## C# || How To Find All Paths From Source To Target In Graph Using C#

The following is a module with functions which demonstrates how to find all paths from source to target in a graph using C#.

1. All Paths Source Target – Problem Statement

Given a directed acyclic graph (**DAG**) of **n** nodes labeled from **0** to **n – 1**, find all possible paths from node **0** to node **n – 1** and return them in **any order**.

The graph is given as follows: **graph[i]** is a list of all nodes you can visit from node **i** (i.e., there is a directed edge from node **i** to node **graph[i][j]**).

**Example 1:**

Input: graph = [[1,2],[3],[3],[]]

Output: [[0,1,3],[0,2,3]]

Explanation: There are two paths: 0 -> 1 -> 3 and 0 -> 2 -> 3.

**Example 2:**

Input: graph = [[4,3,1],[3,2,4],[3],[4],[]]

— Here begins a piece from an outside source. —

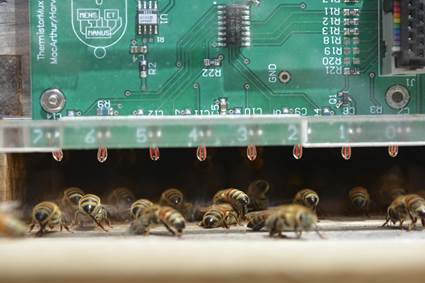 Figure 3. Here you can see honeybees shown at the entrance of a hive with sensors monitoring the heat and air flow near the entrance of the hive.

Output: [[0,4],[0,3,4],[0,1,3,4],[0,1,2,3,4],[0,1,4]]

**Example 3:**

Input: graph = [[1],[]]

Output: [[0,1]]

**Example 4:**

Input: graph = [[1,2,3],[2],[3],[]]

Output: [[0,1,2,3],[0,2,3],[0,3]]

**Example 5:**

Input: graph = [[1,3],[2],[3],[]]

Output: [[0,1,2,3],[0,3]]

2. All Paths Source Target – Solution

The following is a solution which demonstrates how to find all paths from source to target in a graph.

This solution uses Breadth First Search and backtracking when looking for paths.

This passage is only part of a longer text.